Samedi, c'est World Tour Party.

Phileas Fogg et ses 80 jours ? So has been, So last century, nous dirait Vaness' (une amie, blogueuse influente). Samedi, on a décidé de faire mieux. Top Chrono.

 11h. Promenade sur les Quais de l'Hudson, pour admirer la jumelle de la Statue de la Liberté. 
[Première Escale : New York]

 12h30. Retrouvailles avec Kab'. Pont de l'Alma. 
[Seconde Escale : Memorial Lady Di. Great-Britain]

13h15. Déjeuner. Brushetta aux légumes du soleil au programme. 
[Troisième Escale : Italie du Sud]

14h30. Quai Branly.
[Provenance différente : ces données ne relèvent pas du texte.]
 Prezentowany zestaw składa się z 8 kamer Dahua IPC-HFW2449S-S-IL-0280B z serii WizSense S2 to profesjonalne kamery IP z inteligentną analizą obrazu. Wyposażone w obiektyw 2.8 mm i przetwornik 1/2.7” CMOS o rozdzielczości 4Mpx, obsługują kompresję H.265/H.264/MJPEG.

Cimeterres saoudiens & Djellabas. 
[Quatrième Escale : Afrique du Nord]

15h15. Statuettes de kirikou & masques ethniques. 
[Cinquième Escale : Afrique Noire. Grands Lacs]
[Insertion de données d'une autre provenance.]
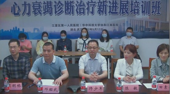 5月17日中午,由江夏区第一人民医院(协和江南医院)主办的“心力衰竭诊治新进展专题培训班”在五楼远程会诊中心顺利召开,培训采用“线上+线下”方式进行,华中科技大学附属协和医院心血管内科主任程翔教授、心血管内科医疗主任陈志坚教授、袁璟教授应邀出席线上培训。参会人员按疫情防控要求入场,并全程佩戴口罩。培训会由我院心血管内科主任邓昭武主持。

15H45. Bouddha à la fleur de lotus. 
[Sixième Escale : Asie mineure]

16H15. Costumes mongols & calligraphie chinoise. 
[Asie méridionale]

16h45. Aborigènes en furie. 
[Océanie]


17H. Réducteurs de têtes & Grizzli des Andes.
[Amérique du Sud]


18H30. Micro-onde & Fer à repasser. 
[France]

Tour du Monde en 7H et 30 minutes. Record du Monde. MACHINE.

Dimanche, c'est trop VIP.

Un dimanche, peu commun où le mélange des genres fut de la partie. Se promener au milieu des bourgeois à Ranelagh et tirer le portrait à Jean de la Fontaine et à son corbeau et son renard; croiser Anne Roumanoff, en famille; puis finir par le Catch à Bercy (grâce au stage d'AP), entourés d'hystériques hurlant des mots incompréhensibles qui ont payé la modique somme de 100 euros, pour admirer leurs idoles, des catcheurs, plus ou moins bons comédiens, avec entres autres le sosie de Rihana sur le ring, des roux à la chevelure flamboyante, ou des sumos plus graisseux que des morses. La soirée de l'ambiance, en quelque sorte.


 Sur ce, je vais me coucher. 
Mémé arrive demain, la soirée promet d'être belle.